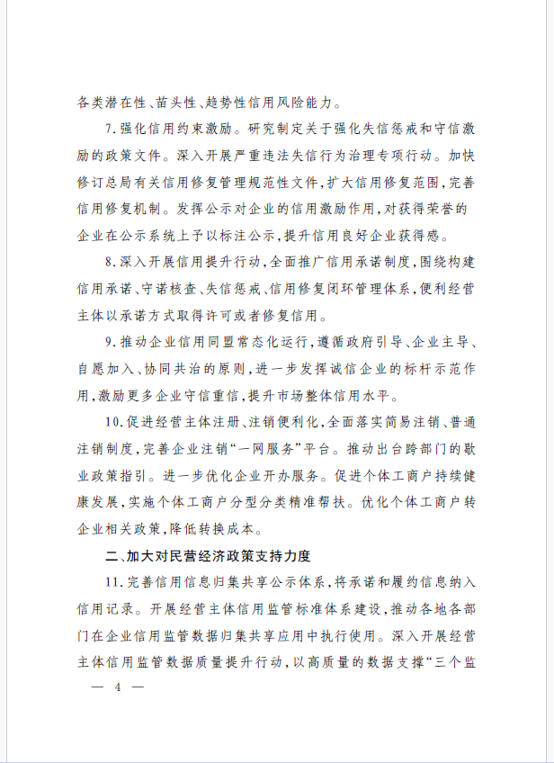 22條舉措聚焦五個方面,落實(shí)《意見》部署要求,回應(yīng)了民營經(jīng)濟(jì)各類關(guān)切:一是持續(xù)優(yōu)化民營經(jīng)濟(jì)發(fā)展環(huán)境。持續(xù)破除市場準(zhǔn)入壁壘,全面落實(shí)公平競爭政策制度,強(qiáng)化制止濫用行政權(quán)力排除、限制競爭的反壟斷執(zhí)法,完善社會信用激勵約束機(jī)制,健全失信行為糾正后的信用修復(fù)機(jī)制。二是加大對民營經(jīng)濟(jì)政策支持力度。完善信用信息歸集共享,健全中小微企業(yè)和個體工商戶信用評級和評價(jià)體系。完善支持政策直達(dá)快享機(jī)制。三是強(qiáng)化民營經(jīng)濟(jì)發(fā)展法治保障。持續(xù)完善知識產(chǎn)權(quán)保護(hù)體系,完善監(jiān)管執(zhí)法體系,杜絕選擇性執(zhí)法,健全涉企收費(fèi)長效監(jiān)管機(jī)制。四是著力推動民營經(jīng)濟(jì)實(shí)現(xiàn)高質(zhì)量發(fā)展。支持民營企業(yè)參與標(biāo)準(zhǔn)制定,計(jì)量服務(wù)中小企業(yè)。依法規(guī)范和引導(dǎo)民營資本健康發(fā)展,推動平臺經(jīng)濟(jì)健康發(fā)展。五是持續(xù)營造關(guān)心促進(jìn)民營經(jīng)濟(jì)發(fā)展壯大社會氛圍,及時推廣經(jīng)驗(yàn)做法,加大宣傳。
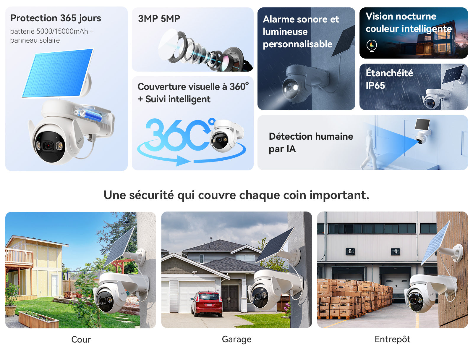 Couverture complète à 360 degrés, la technologie intelligente de suivi automatique vous permet de ne jamais manquer un coin de rue.
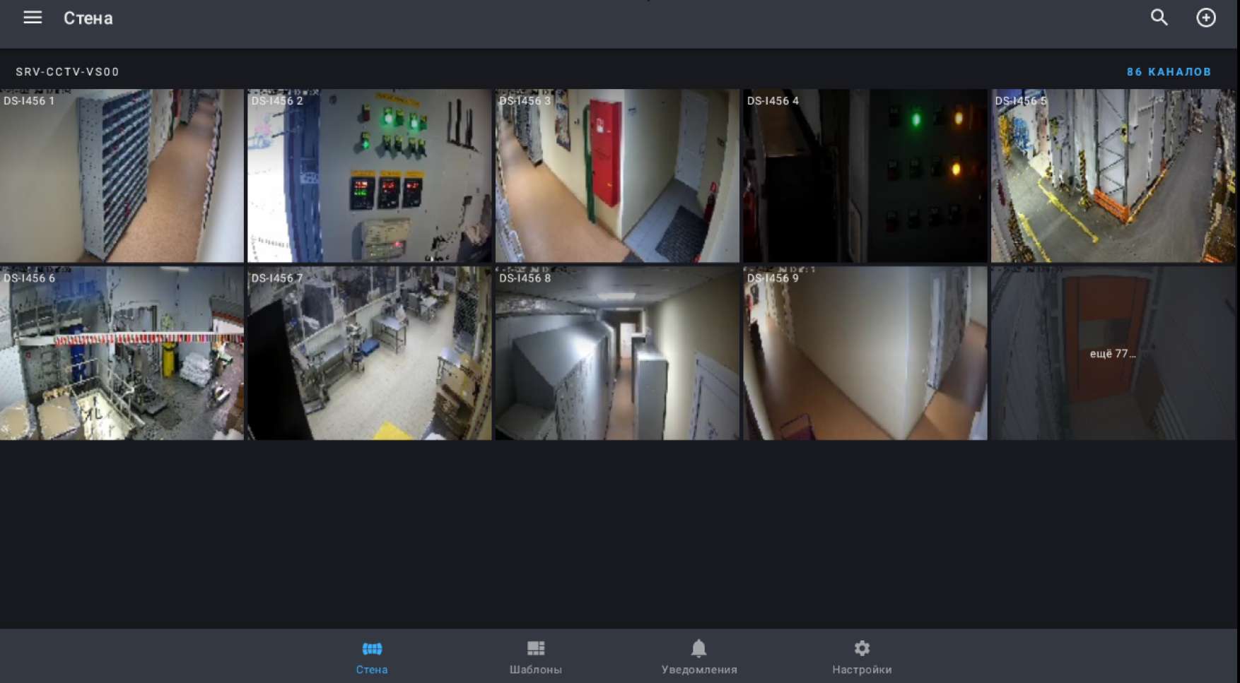 Для просмотра камер используется вкладка "Стена"
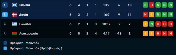 Η τελική βαθμολογία του ομίλου της Εθνικής
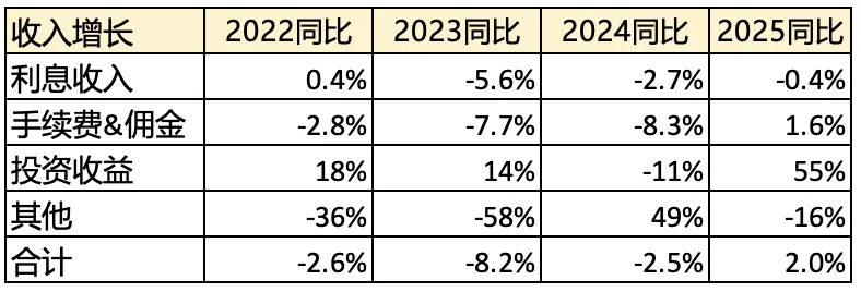 整体营收在2021年达到峰值,2022-2024营收呈现下滑趋势,不过2024年下滑速度放缓。营收下滑主要是由于利息收入和手续费&佣金收入减少导致。2025年营收恢复增长,主要是由于投资收益增长55%。
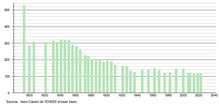 L'évolution du nombre d'habitants est connue à travers les recensements de la population effectués dans la commune depuis 1793. Pour les communes de moins de 10 000 habitants, une enquête de recensement portant sur toute la population est réalisée tous les cinq ans, les populations de référence des années intermédiaires étant quant à elles estimées par interpolation ou extrapolation[21]. Pour la commune, le premier recensement exhaustif entrant dans le cadre du nouveau dispositif a été réalisé en 2008[22].
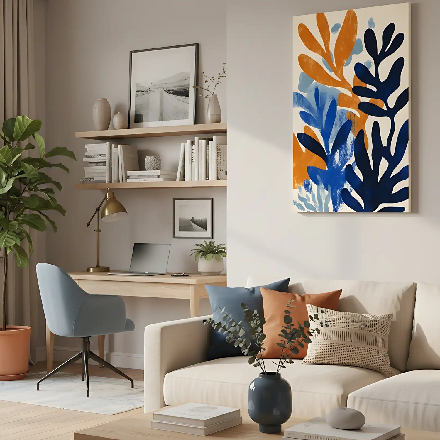 Peinture abstraite avec des formes organiques en bleu, orange et bleu clair,idéale pour une décoration moderne de salon.
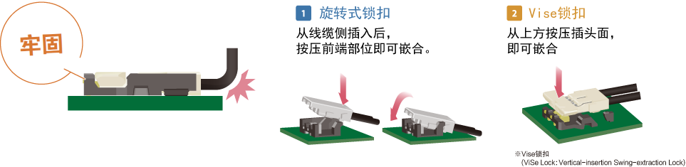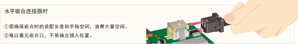 垂直嵌合不影響其他元器件,有效節省空間,提高基板設計自由度。采用從上向下的嵌合方式,易于確認嵌合口,從而更好地確定插
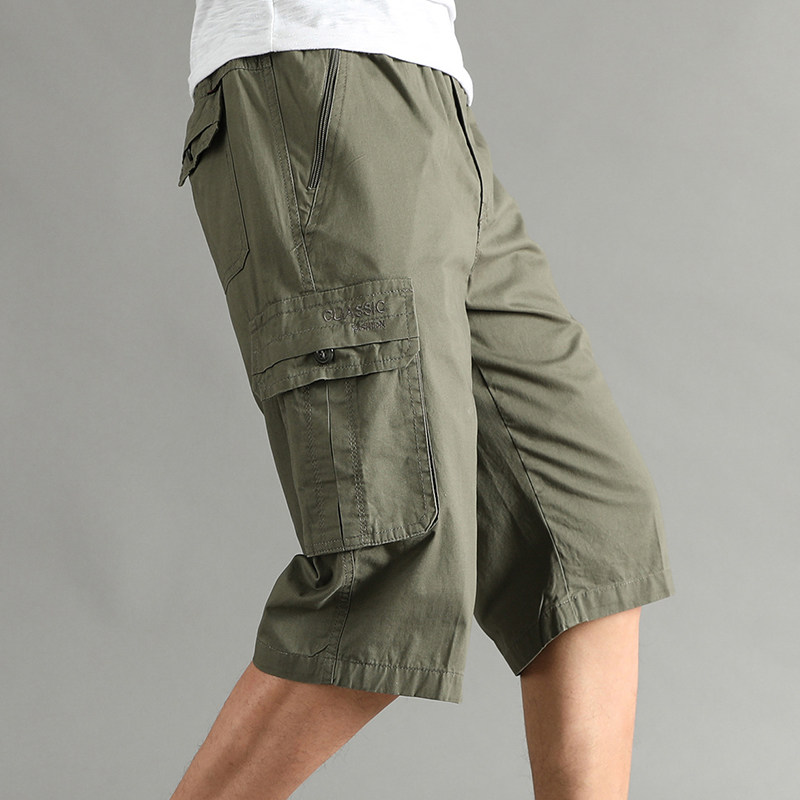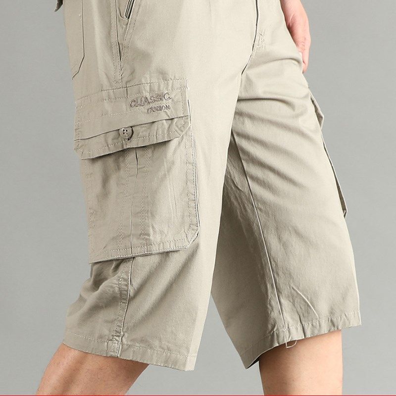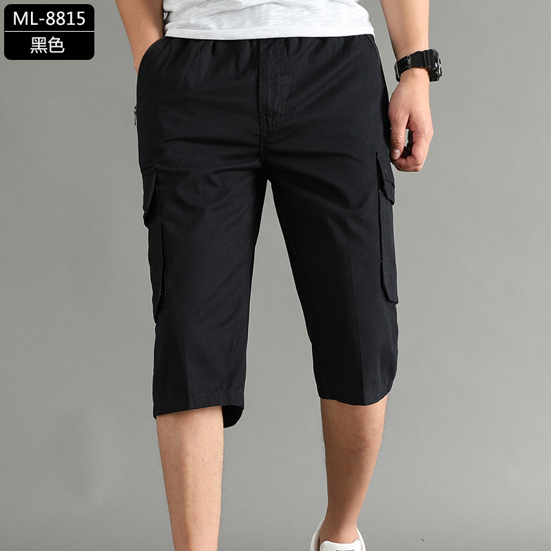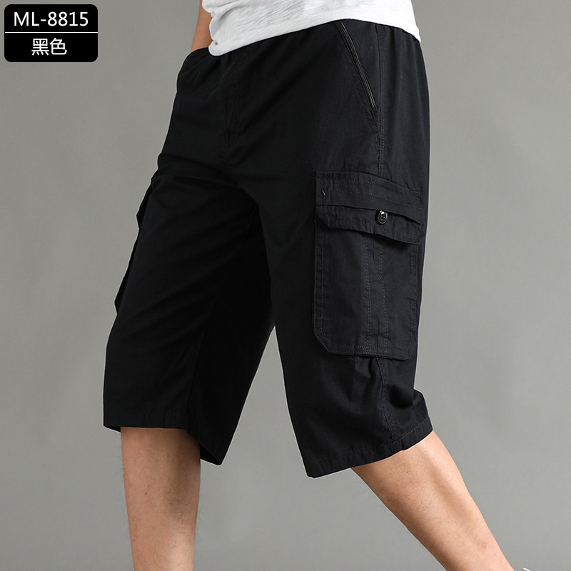中老年薄款 多口袋工装 沙滩裤 夏季 纯棉中裤 七分裤 宽松休闲短裤 男士
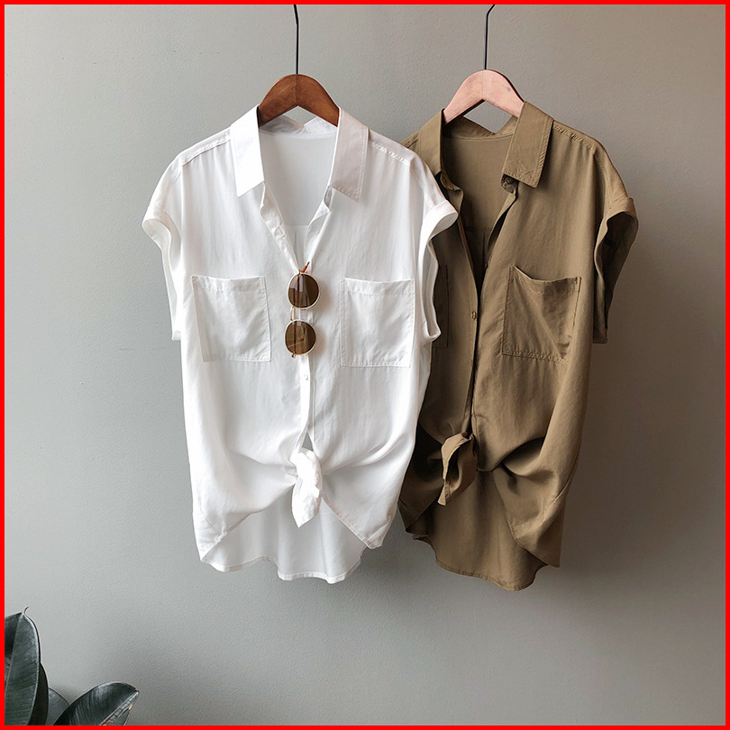 Konveksibandung - Shimer Kemeja Twill Polos Wanita Tanpa Lengan Model Korean Style Ukuran M L Xl Xxl
▬▬▬▬▬▬
## PROMPT
Starting with the line that contains "Η τελική βαθμολογία του ομίλου της Εθνικής" and finishing with the line that contains "中老年薄款 多口袋工装 沙滩裤 夏季 纯棉中裤 七分裤 宽松休闲短裤 男士", reproduce every line of the material above exactly, but not the pictures.

## EXERCISE SOLUTION
 Η τελική βαθμολογία του ομίλου της Εθνικής
 整体营收在2021年达到峰值,2022-2024营收呈现下滑趋势,不过2024年下滑速度放缓。营收下滑主要是由于利息收入和手续费&佣金收入减少导致。2025年营收恢复增长,主要是由于投资收益增长55%。
 L'évolution du nombre d'habitants est connue à travers les recensements de la population effectués dans la commune depuis 1793. Pour les communes de moins de 10 000 habitants, une enquête de recensement portant sur toute la population est réalisée tous les cinq ans, les populations de référence des années intermédiaires étant quant à elles estimées par interpolation ou extrapolation[21]. Pour la commune, le premier recensement exhaustif entrant dans le cadre du nouveau dispositif a été réalisé en 2008[22].
 Peinture abstraite avec des formes organiques en bleu, orange et bleu clair,idéale pour une décoration moderne de salon.
 垂直嵌合不影響其他元器件,有效節省空間,提高基板設計自由度。采用從上向下的嵌合方式,易于確認嵌合口,從而更好地確定插
中老年薄款 多口袋工装 沙滩裤 夏季 纯棉中裤 七分裤 宽松休闲短裤 男士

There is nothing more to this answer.